Du rêve à la réalité

Dans ma petite tête, il était clair qu’une fois arrivée au Cap Bathurst, j’allais directement viser le Cap Parry… Hop, un grand saut de puce et le tour était joué. Oui, mais ça c’était dans mes rêves, juste dans mes rêves ! La réalité, elle, a été bien différente. Depuis le Cap Bathurst, alors que j’attendais le meilleur moment pour continuer ma route, je l’ai vu très clairement, cette monumentale muraille blanche qui me barrait la route : de la glace, à perte de vue, pile poil en travers de ma route ! Pour y avoir goûté de très près et un peu trop longtemps à mon goût récemment, j’ai préféré éviter de m’y jeter à corps perdu et j’ai pris l’option de descendre le long de la côte pour essayer de contourner les glaces par le sud.

Le seul souci est que je savais ne pas trouver d’endroit abrité le long de cette côte si besoin. Et bien-sur, cela n’a pas manqué, quelques heures après mon départ, le ciel s’est obscurci, une pluie verglaçante s’est invitée pour la journée et la mer menaçante a rendu les heures vraiment fastidieuses. J’ai jeté l’ancre au pied de collines fumantes tout à fait étonnantes, les Smoking Hills (j’avais lu les explications sur internet mais j’avoue qu’étant donné mon état de fatigue, je ne saurais pas vous les restituer exactement). Une escale remuante où j’ai d’ailleurs bien failli perdre mon sac de couchage.
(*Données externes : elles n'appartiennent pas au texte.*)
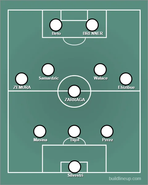 I cambi più importanti riguardano Zarraga in vantaggio su Lovren come mezzala, con Zemura che agirà sul binario di sinistra. Per la difesa, con Becao in partenza, più spazio per Bijol. In attacco, Beto appare inamovibile e in attesa del rientro di Deulofeu, sono in tre a giocarsi il posto: i neo arrivi Brenner e Lucca, con il solito Success in rampa di lancio.

J’avais profité de quelques trop rares rayons de soleil pour faire tout sécher à l’extérieur lorsqu’une rafale descendue des collines et emportant tout sur son passage s’est emparée de mon sac de couchage qu’elle a jeté à l’eau… Deux secondes de réflexion, une ombre d’hésitation et j’ai plongé la tête la première pour le récupérer car ce sac, ce n’est pas simplement un sac, c’est l’assurance de trouver un minimum de chaleur au cœur de cet univers glacial et humide. Sans lui, aux escales, la congélation serait quasi assurée.
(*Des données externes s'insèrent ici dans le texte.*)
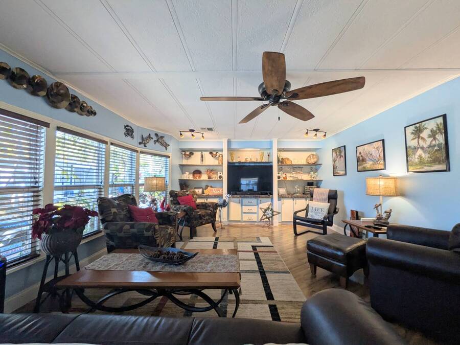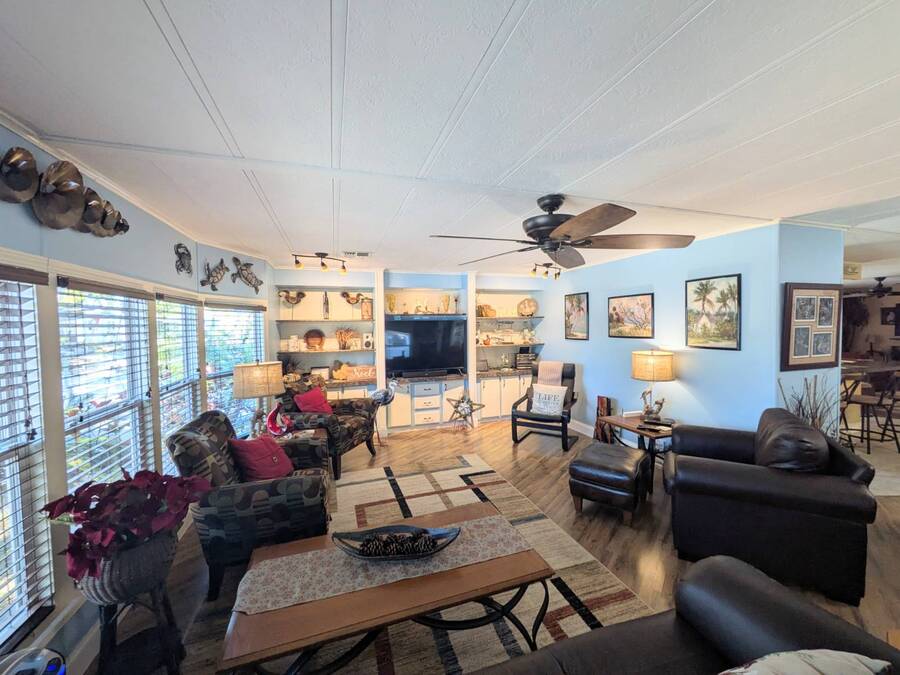 Beautifully Updated Home in Highly Sought-After 55+ Community! Welcome to Shady Lane Oaks in Clearwater, Florida! If you've always dreamed of living in the sunshine and enjoying warm weather year-round, now is your chance! This move-in-ready home has just been listed and offers a unique opportunity to experience Florida living at its best. Don't waste a minute on calling and seeing this home. It is one of a kind-Inside and Out!! Address: Lot #141, Shady Lane Oaks, 15777 Bolesta Road, Clearwater, FL Community: Shady Lane Oaks is a 55+ community (one resident must be 55+, and the second can be 45+). Lot rent is approximately $960 per month and includes water, sewer, trash collection (twice a week), lawn care, pass-through taxes, and access to the fantastic amenities of both Shady Lane Oaks and its neighboring park, Shady Lane Village. Pet-Friendly: The park is dog-friendly, allowing up to two pets with a combined weight limit of 25 lbs., and indoor cats are welcome too! Golf Cart Friendly: Get around the park in style with your own golf cart! This vibrant community hosts a variety of social events throughout the year, including bingo, card nights, karaoke, golf cart parades, dinners, craft shows, potlucks, and so much more. Park Amenities Include: • Clubhouse with a commercial kitchen • Lending library • Billiards room • Heated swimming pool • Shuffleboard courts • Horse pits • On-site laundry facilities • A beautiful lake with a fountain, BBQ/picnic areas, and social activities Home Features: • Size: Spacious 57 x 24 double-wide home with 1368 sq.ft. of living space plus extra footage with a large, screened lanai and attached shed. • Furniture: comes completely furnished with some beautiful modern furniture!! • Condition: very well kept home with many beautiful updates • A/C: 2015 • Roof: recoated in 2023 • NewVapor barrier: 2023 • Tie downs: new 2016 • Water Heater: New 2020 • Parking: Carport for 2 cars. • Interior: Beautiful laminated flooring throughout, with ceramic tile in the kitchen and bathrooms. Meticulously maintained-ready for you to move in! Inside the Home: • Living Room-beautiful laminate flooring. 4 chairs, leather sofa, rug 2 end tables, coffee table, tv, deck and chair and bookcase. (see pics) • Kitchen: Features an island bar, 4 bar stools, all appliances, ceramic tile flooring, and updated appliances. • Dining Room: Beautiful table with 8 chairs, hutch and a built-in hutch as well. • Family Room-laminate flooring, leather couch with recliner on both sides, leather recliner, fireplace, TV, lamps, metal side tables, and rug • Wet Bar-beautiful Wet Bar • Master Bedroom-. Laminate flooring. King size bed, new (6 months old) mattress, 2 nightstands, long dresser with mirror and dresser stays with home. • Master Bath: remodeled in 2024. Beautiful marble sink vanity. Ceramic flooring. It comes with baker's rack, bathroom storage cabinet and medicine cabinet • Guest Bedroom-Laminate flooring. It comes with queen size bed, 2 nightstands, dresser and built-in desk. • Guest Bath: remodeled in 2025. Beautiful single marble vanity with step-in shower • Laundry Room: It comes with new (6 months old) stackable Samsung washer and dryer. • Screened Lanai- Nice big, screened lanai completely furnished and ready for many get togethers. • Shed: • Outside Patio area- It comes with 8 chairs, baker's rack and a table with umbrella and a swing. Prime Location: • Just minutes from Indian Rocks Beach (9 miles) and Clearwater Beach (11 miles) • Only 5 minutes to Tampa Bay Beach • Close to shopping, grocery stores, restaurants, and entertainment • PIE Airport: Just 2 miles away, making travel a breeze. • Tampa Airport: Only 20

Bref, il est à nouveau à bord, j’ai réussi à le faire sécher tant bien que mal, et très honnêtement même humide et salé, il est délicieux de se glisser dedans ! Quant à moi, je n’ai même pas eu le temps de réaliser à quel point l’eau était glaciale tant j’étais obnubilée par ce sauvetage. Ce n’est qu’une fois revenue sur la terre ferme que j’ai réalisé que mes dents s’entrechoquaient sans que je ne puisse rien n’y faire ! Un bon café brulant, et cette petite boîte miraculeuse dans laquelle  se trouve un petit morceau de charbon incandescent que l’on glisse tout contre soi ( merci Yves pour ce cadeau en or qui ne me quitte plus)… et j’étais remise de mes émotions !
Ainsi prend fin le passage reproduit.